In step 104, a non-spurious well log property curves data and a non-spurious core property data is selected from the data loaded in step 102 using a client interface and/or a video interface described further in reference to FIG. 12. Using data analysis systems well known in the art, the method 100 provides data scrutiny/critiquing to determine well log property curves and non-spurious core property that should be omitted from further modeling work due to spurious characteristics that the well log property curves and/or non-spurious core property may possess. This may include the use of user interaction with a series of plots, such as Q-Q plots, histograms, box plots, and crossplots.
In step 108, an assigned wellbore image is created by assigning the core property data selected in step 104 to the wellbore image data loaded in step 102 using applications well known in the art.
In step 110, a modified well log property curve is created based on the well log property curves data selected in step 104, the core property data selected in step 104 and applications well known in the art. In step 110, wellbore visualization and analysis is provided using initial visualization of core, cuttings, wellbore image logs, and/or segmentation data and the analysis of rock properties, referenced to the wellbore derived images, with respect to petrophysics, rock physics or assessed facies logs. This step may be performed, in part, using a geographical information system technique, which provides for the use of images or segmentation data that have referenced property values assigned to them, i.e. rock properties and fluid properties. Spatially/rock property referenced in-situ wellbore, core and/or cuttings image or segmentation data as a calibration tool may be used to determine where log curves are to be modified.

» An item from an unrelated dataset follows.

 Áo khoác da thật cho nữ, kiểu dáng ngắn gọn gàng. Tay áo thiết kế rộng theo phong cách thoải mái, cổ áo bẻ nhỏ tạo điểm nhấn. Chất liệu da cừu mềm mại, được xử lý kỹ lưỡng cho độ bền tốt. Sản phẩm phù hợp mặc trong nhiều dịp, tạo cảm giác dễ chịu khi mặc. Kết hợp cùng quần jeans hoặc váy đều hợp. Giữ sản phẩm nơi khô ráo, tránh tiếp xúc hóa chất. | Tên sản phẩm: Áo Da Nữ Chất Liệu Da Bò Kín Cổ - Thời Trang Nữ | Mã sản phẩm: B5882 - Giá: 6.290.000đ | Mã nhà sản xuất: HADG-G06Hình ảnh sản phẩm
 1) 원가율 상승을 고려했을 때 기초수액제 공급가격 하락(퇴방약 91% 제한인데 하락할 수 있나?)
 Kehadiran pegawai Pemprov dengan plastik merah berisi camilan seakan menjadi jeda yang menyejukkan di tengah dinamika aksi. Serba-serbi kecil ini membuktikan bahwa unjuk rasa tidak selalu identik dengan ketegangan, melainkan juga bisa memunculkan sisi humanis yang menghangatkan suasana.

In step 112, a three-dimensional stratigraphic geocellular grid is built using the geologic framework data loaded in step 102 and applications well known in the art. In FIG. 3, an example of a discretized permeability log trace mapped to a three-dimensional stratigraphic geocellular grid as built in step 112, singular in value, direction independent, and displayed according to a user defined sampling rate, is illustrated.

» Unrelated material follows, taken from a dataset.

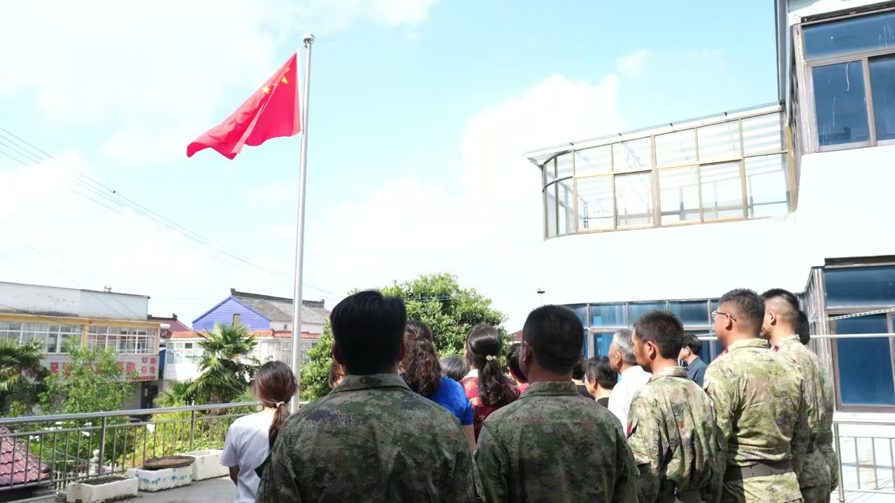 上午9時,吳九成身著紅軍服,在家人的助力下,來到自家庭院里的國旗桿前,將折好的國旗交到兒子和女婿手中。伴隨著國歌聲,兒子和女婿將國旗緩緩升起,吳九成和全家人以及蔣垛鎮(zhèn)部分退役軍人的目光緊緊跟隨著上升的五星紅旗,行注目禮。

In step 114, an enhanced three-dimensional stratigraphic geocellular grid is built using the three-dimensional stratigraphic geocellular grid built in step 112 and the wellbore image data loaded in step 102. The three-dimensional stratigraphic geocellular grid built in step 112 is enhanced by the user, such as by manipulation using various input devices, such as a combination of keyboard and mouse inputs, by contiguous matching of stratigraphy evidenced in the subsurface description provided by the wellbore image data loaded in step 102 and/or core property data selected in step 104. Thus, the user is able to verify that the stratigraphy corresponding to the subsurface is honored accordingly in the enhanced three-dimensional stratigraphic geocellular grid. A sufficient amount of wellbore image data or core property data ensures that stratigraphic continuity in the enhanced three-dimensional stratigraphic geocellular grid is maintained and corrected where erroneous. The enhanced three-dimensional stratigraphic geocellular grid is built, in part, using a geographical information system technique. Building the enhanced three-dimensional stratigraphic geocellular grid is most suitable where wellbores have been continuously cored or imaged, but may be applied to other data. In FIG. 4, an example of a single depth referenced computed tomography whole core image, wherein computer rock properties are displayed for the indexed region in the assigned wellbore image created in step 108 is illustrated. In FIG. 7, an example of a borehole image showing the in-situ well bore for the enhanced three-dimensional stratigraphic geocellular grid built with step 114 is illustrated. Static enhancements of a borehold image are depicted in Track 2, with computed dips depicted in Track 4, and dynamic enhancements of a borehole image log depicted in Track 5. In FIG. 8A, an example of a stacked circular display property, loaded in step 102, mapped to the enhanced three-dimensional stratigraphic geocellular grid built in step 114, demonstrating tensor-based attributes in the horizontal direction is illustrated.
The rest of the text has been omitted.